There are waterbased stirppers that are more user friendly. One is called CitriStrip. It smells like oranges, can be used indoors, and cleans up with water. It works very well, but may take more than one application.

Then you have common solvents like lacquer thinner, or acetone, that could be used to remove finishes.

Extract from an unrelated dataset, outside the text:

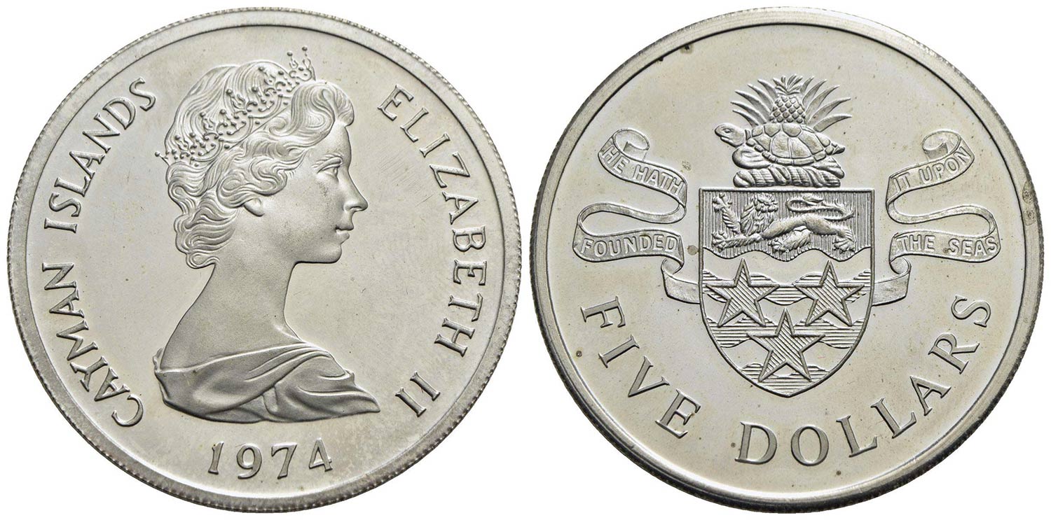 ISOLE CAYMAN - Elisabetta II (1952) - 5 Dollari - 1974 - AG Kr. 8 Proof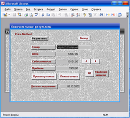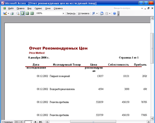 Далее возвращаемся в главное меню и открываем форму «Результаты», где уже сведены все данные о себестоимости товара, предлагаемой цене и прибыли от реализации товара по этой цене. В этом окне можно просмотреть и распечатать сводный отчет об уровне рекомендуемых цен.

As for stains, you will probably prefer an oil base stain. Check the colors available, and buy a small can if you can to test it on some inconspicuous area. Stains take experimenting.


----------



## smartestblonde (May 15, 2010)

cabinetman said:


> *WELCOME TO THE FORUM*
> 
> There are a few types of strippers. The most effective would be an MC (methylene chloride) based stripper. It's fast, and very toxic. You would need plenty of ventilation, protective gauntlet gloves, face and eye protection, and preferably a respirator. The best I've used is called "Aircraft Stripper", in the blue can, available at auto paint and body retail stores.
> 
> ...


Many thanks....do you have a preference for a specific brand of stain? Also, do you recommend putting down some type of base before applying the actual stain?


----------



## cabinetman (Jul 5, 2007)

Can't tell what the wood is in the picture. To make your project simple and easy, once stripped, if the wood looks blotchy, you may need a conditioner. But most likely just a quick sanding with 150x to 180x. 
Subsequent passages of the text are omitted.